Hoy es el décimo aniversario de aquella espléndida mañana de septiembre en la que cuatro vuelos comerciales estadounidenses surcaron cielos plácidamente azules para encontrar que su destino era la historia. Hoy recordamos, sí, pero sin saber exactamente dónde posar la vista. Quisiera encontrar asidero en las víctimas, detenerme en ellas, pero no puedo traerlas a la memoria. Me ayudan los diarios que entrevistan o retratan a los supervivientes. Prefieren a las mujeres. ¿Cómo ha sobrevivido usted estos últimos diez años?, suelta la pregunta, así, sin más, algún periodista. A duras penas, contesta la entrevistada, haciendo constar que la vida de los muertos queridos u odiados es eterna.
Recuerdo hace diez años mi breve y fútil intento de aproximarme al evento que inauguró el siglo a través de las víctimas. Fijaba en ellas la mirada mientras se escurrían en un cintillo interminable por AOL. Sonreían en su peculiar caravana. Una tras otra, en la fugacidad de cada segundo componían un minúsculo infinito. Menos de lo que todos temíamos, pero aun así sumaban una cantidad inconcebible para un país que se iba a visitar sus personajes animados favoritos cuando tenían dinero y vacaciones. Recuerdo también los cientos de hojas sueltas que preguntaban por el paradero de alguien desde los postes y vitrinas del bajo Manhattan, como si se tratara de cientos de mascotas perdidas y dueños desconsolados. Y recuerdo de vuelta sus fotos, sostenidas por la fuerza de la resignación a alguna verja de alambre eslabonado, telón de fondo a los muchos altares que improvisó un dolor más denso que el polvo ceniciento que lo cubría todo.

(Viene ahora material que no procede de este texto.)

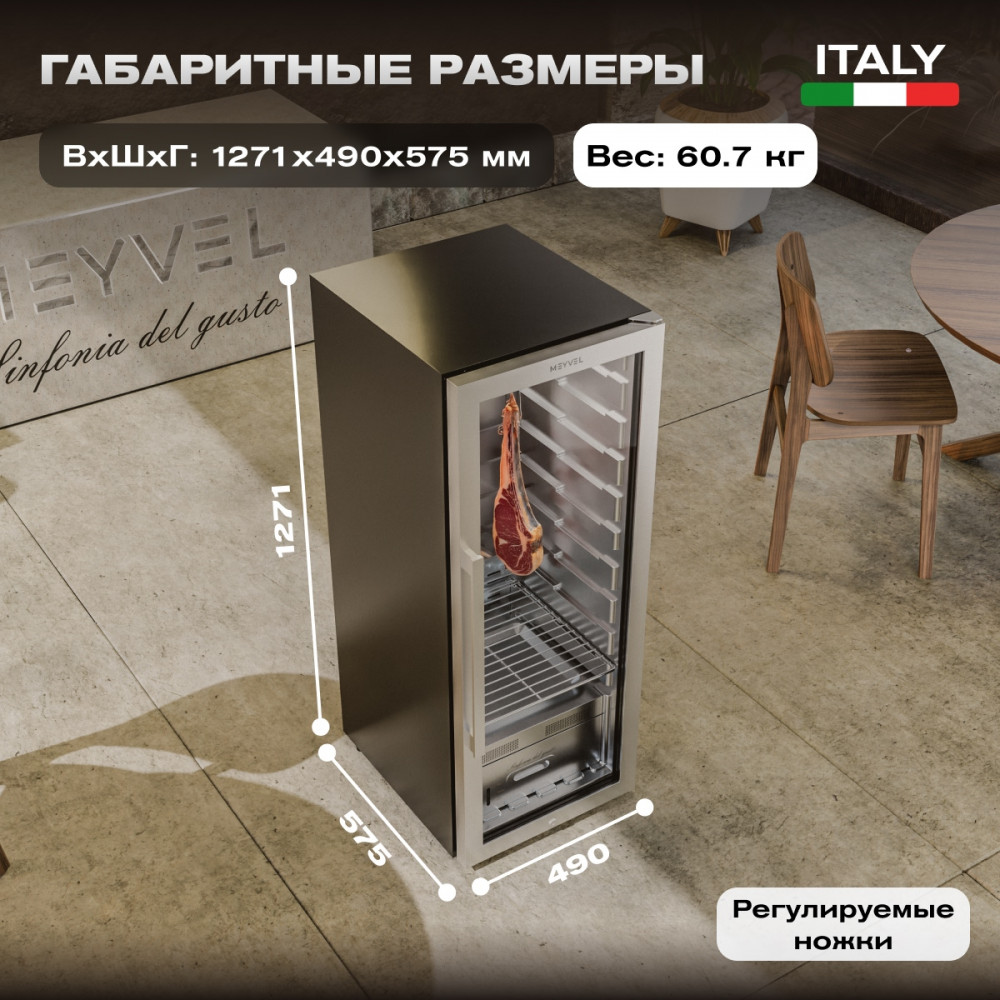 Отдельностоящий холодильник для мяса Meyvel MM-105SR — это идеальное решение для ресторанов, баров или магазинов. Встраиваемая модель объемом 172 литра вмещает до 105 кг мяса, обеспечивая оптимальные условия для его созревания.

Ya no supimos más de ellos ni de sus familias. Diez años después aún no se termina el monumento que las recuerde todas juntas, como las trituró el azar esa mañana. Sabemos que la solidaridad económica fue entonces extraordinaria, proporcional a la pujanza económica de un país cuyo ritmo de gastos determina buena parte de la economía del mundo. Sabemos que a esas primeras víctimas siguieron otras: los trabajadores y voluntarios que enfermaron buscando entre el polvo de las ruinas un pedacito de algo que pudiera haber sido alguien, una reliquia para el microscopio que confirmara una certeza innombrable. Hoy sabemos de familias que sepultaron con todas las honras fúnebres esos minúsculos restos tras haber perdido cualquier esperanza de recuperar al menos el cuerpo amado. Sabemos de muchos que no recibieron nunca nada. Y de algunos que, desconcertados, enterraron entregas sucesivas del mismo cadáver pixelado.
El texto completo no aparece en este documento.